Stable and low-precision training for large-scale vision-language models
Mitchell Wortsman, Tim Dettmers, Luke Zettlemoyer, Ari Morcos, Ali Farhadi, Ludwig Schmidt
TL;DR
The paper tackles the challenges of fast and stable training for large-scale vision-language models by introducing SwitchBack, a quantized linear layer that delivers substantial speedups with minimal accuracy loss, and by diagnosing loss spikes tied to out-of-date second-moment estimates. It combines 8-bit training (int8/FP8) with a quantization strategy that preserves weight-gradient precision and demonstrates speedups of 13–25% on CLIP ViT-Huge, including FP8 simulations. To address stability, it proposes StableAdamW, a hybrid optimizer that incorporates AdaFactor-style update clipping, reducing loss spikes and outperforming gradient clipping at scale.

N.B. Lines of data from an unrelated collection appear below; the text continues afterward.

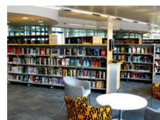
Hale School, WA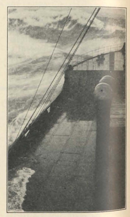
SHE BEGAN TO SINK

"Calm and majestic she seemed to us, plowing through the angry seas—nearer and nearer until we could make out upon her bow, the name, 'August Leonhardt.' South-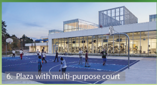
6. Plaza with multi-purpose court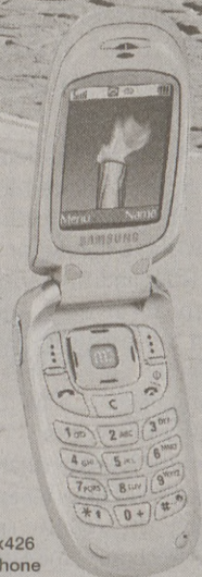
Samsung x426 Wireless Phone

Samsung has just put you in the running to carry the torch.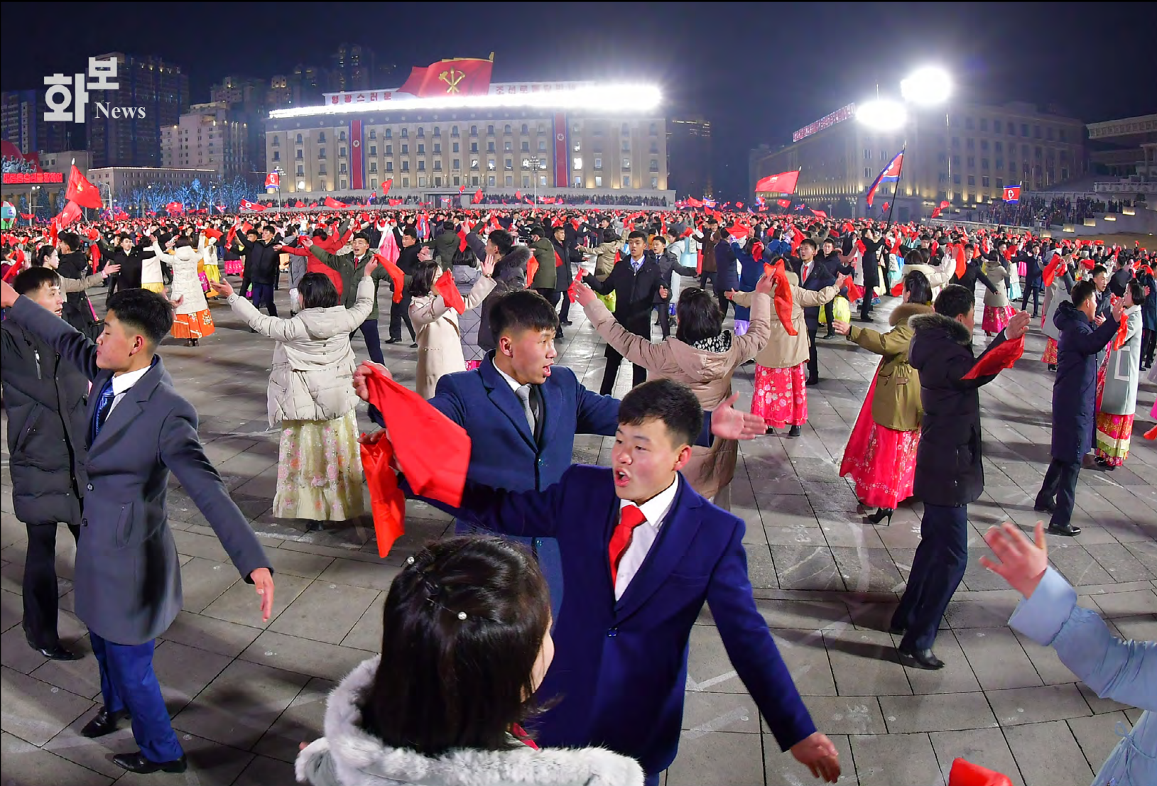
An evening gala of youth and students takes place.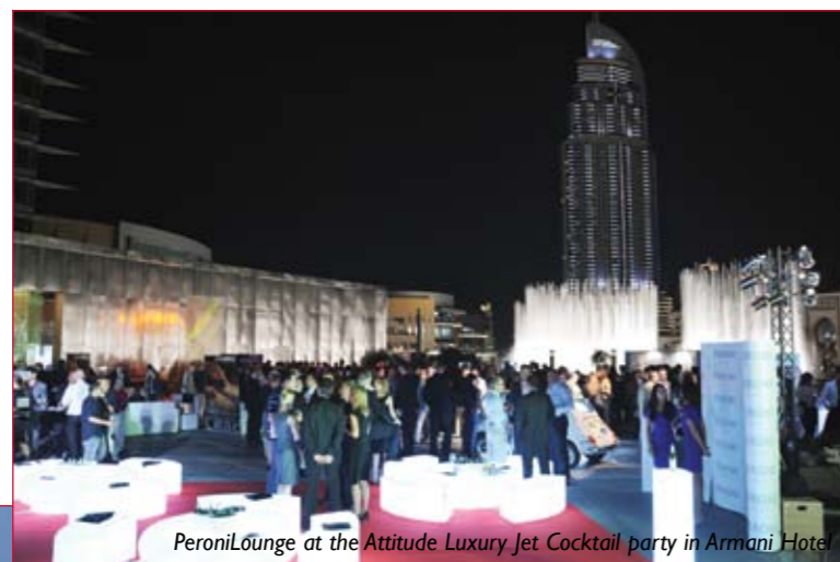
Peroni Lounge at the Attitude Luxury Jet Cocktail party in Armani Hotel

African + Eastern has been bringing the world's most renowned beverage alcohol brands to the Middle East for over 37 years. Established in 1962, by Unilever Arabia as a small trading company, African + Eastern has rapidly evolved to be the largest importer and distributor of world class beverage brands in the Middle East and Arabian Gulf region. The company employs more than 300 professional staff throughout the UAE and Oman who are extremely passionate about delivering outstanding service levels to suppliers and customers.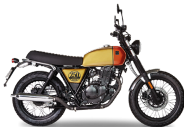
Desert Gold / Clockwork Orange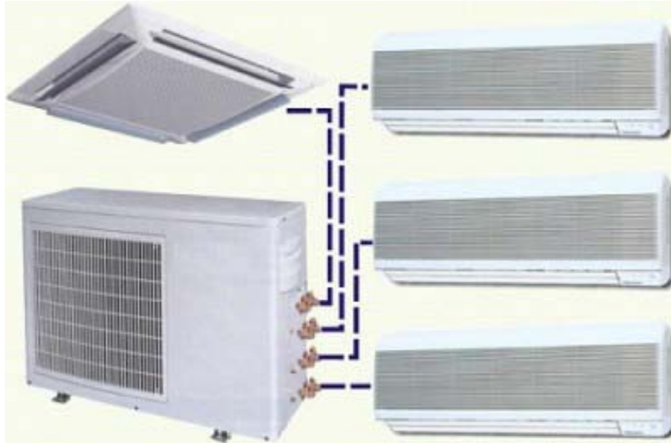
Figure-2. Autonomous ACSs.

This air conditioning system is much simpler (Figure-2).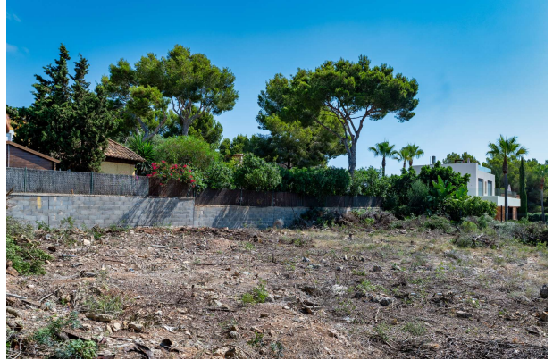
Plot Sol de Mallorca 2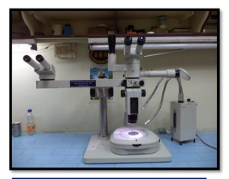
TRINOCULAR STEREOSCOPIC ZOOM MICROSCOPE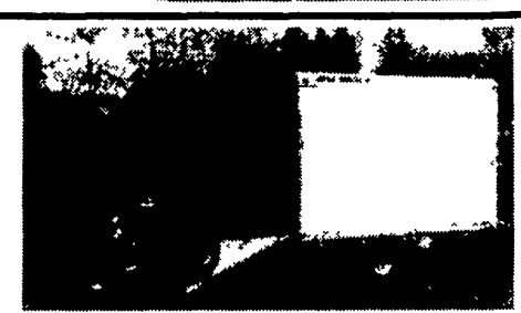
Model 1665– 12' enclosed ATV/Snowmobile trailer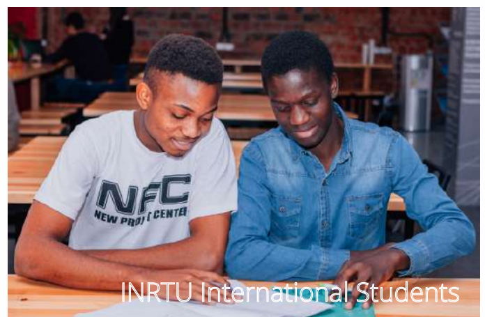
INRTU International Students

An integral part of the educational process and research activities in INRTU are numerous field trips and expeditions, scientific and practical seminars, conferences and symposiums thank to which students have the opportunity not only to learn from eminent scientists, but also to give a good account of themselves in a scientific field under the supervision of experienced professors.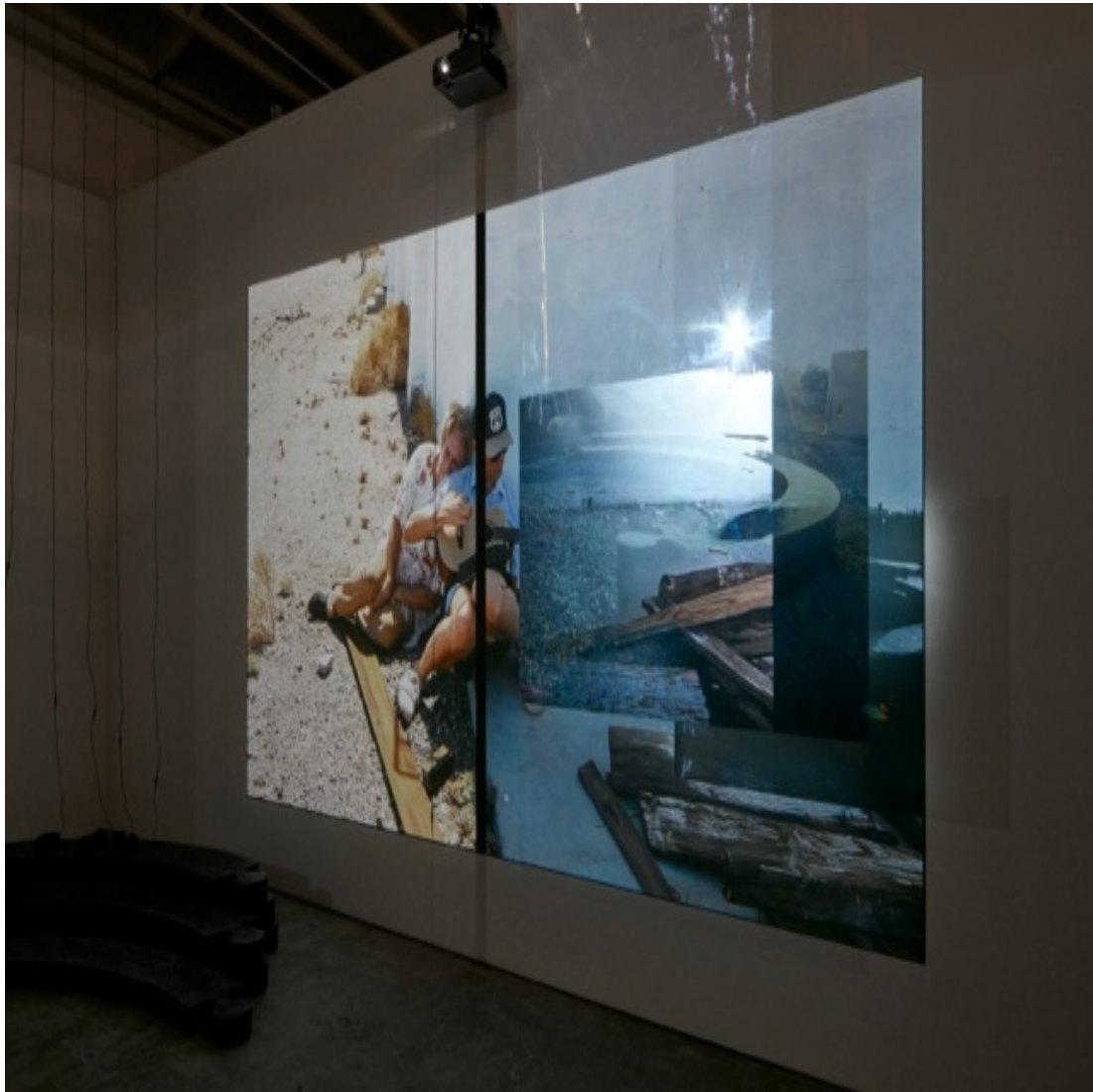
Frances Scholz/Mark von Schlegell Amboy Installation, CCA Wattis Institute of Contemporary Art, San Francisco Installation View Maße variabel 2015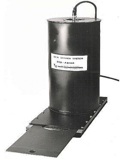
STANDARD DRAWER SYSTEM NO SHIELDING BENCH TOP STG-ABS-44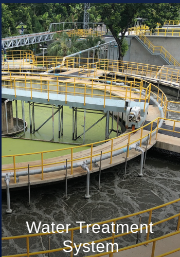
Water Treatment System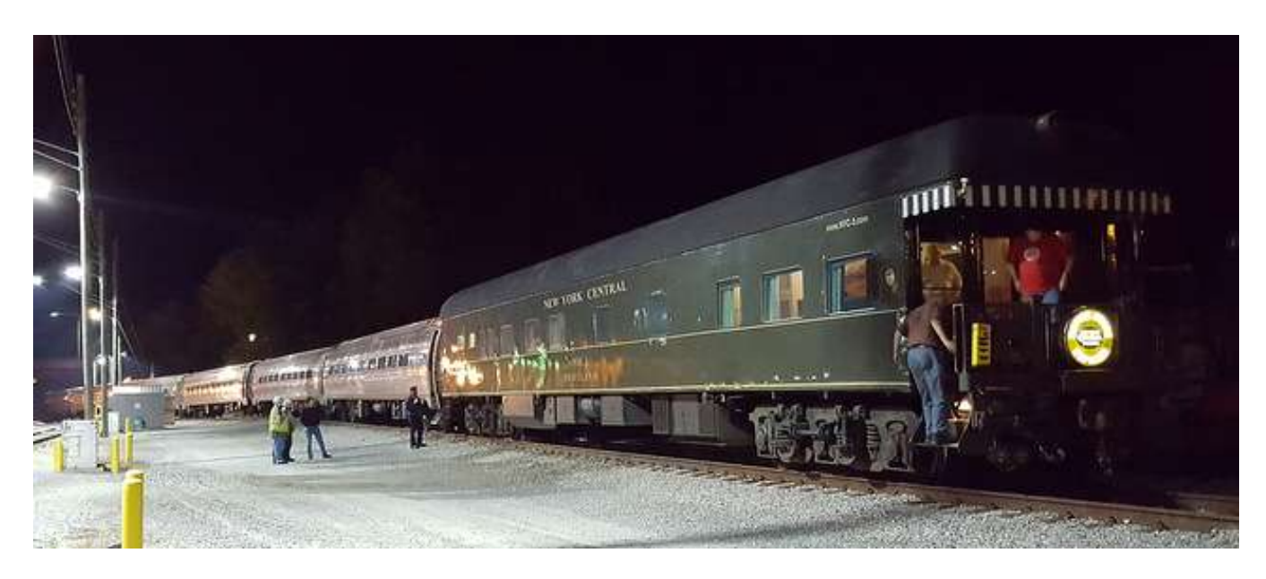
Nov. 6 - Private car NYC 3 spent the first weekend in November in Lynchburg. Pictured above is the Lynchburg Regional, train 145 coupling up to the car prior to its Monday morning departure. It arrived Friday night, Nov. 4. (G. Harper)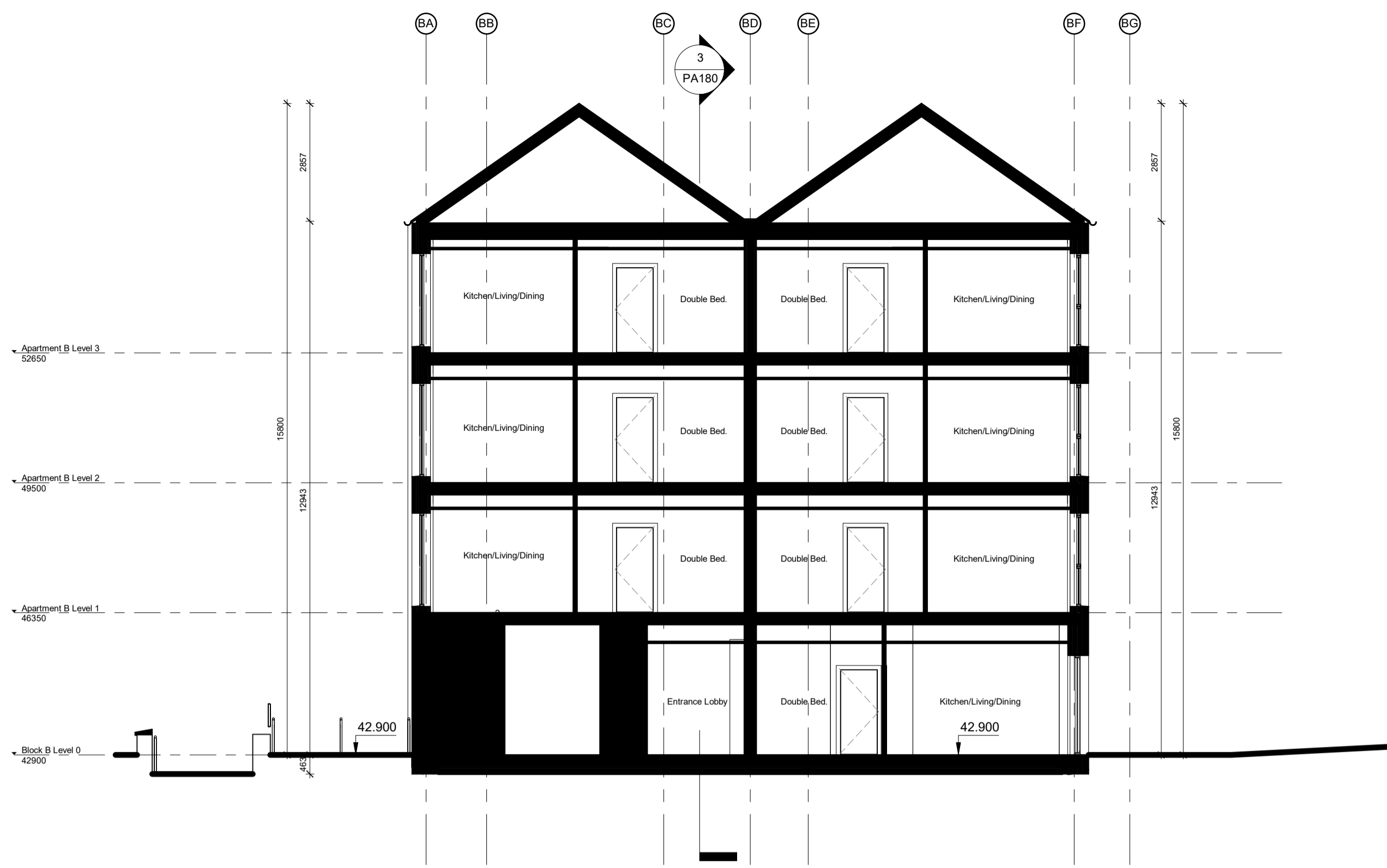
1 Block B - Section 1-1 1 : 100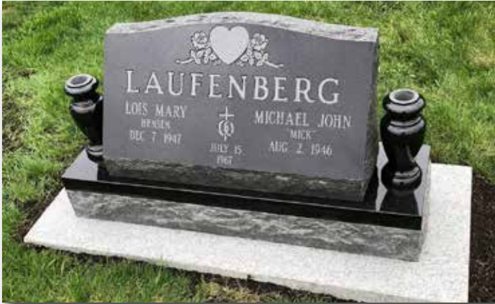
Companion Slant on Base - India Black With Granite Vases

Slant memorials differ from flush and bevel memorials in that they are larger, which affords more room for engraving. Slants also have a back which can be used for additional engraving and artwork.

Additional insights include the viability of FP8 training under zero-initialized layer-scale, and open-source Triton kernels to foster community development. Overall, the work provides practical strategies for making large multi-modal models trainable faster and more stably at scale, along with resources to extend this progress.
Abstract
We introduce new methods for 1) accelerating and 2) stabilizing training for large language-vision models. 1) For acceleration, we introduce SwitchBack, a linear layer for int8 quantized training which provides a speed-up of 13-25% while matching the performance of bfloat16 training within 0.1 percentage points for the 1B parameter CLIP ViT-Huge -- the largest int8 training to date. Our main focus is int8 as GPU support for float8 is rare, though we also analyze float8 training through simulation. While SwitchBack proves effective for float8, we show that standard techniques are also successful if the network is trained and initialized so that large feature magnitudes are discouraged, which we accomplish via layer-scale initialized with zeros. 2) For stability, we analyze loss spikes and find they consistently occur 1-8 iterations after the squared gradients become under-estimated by their AdamW second moment estimator. As a result, we recommend an AdamW-Adafactor hybrid which avoids loss spikes when training a CLIP ViT-Huge model and outperforms gradient clipping at the scales we test.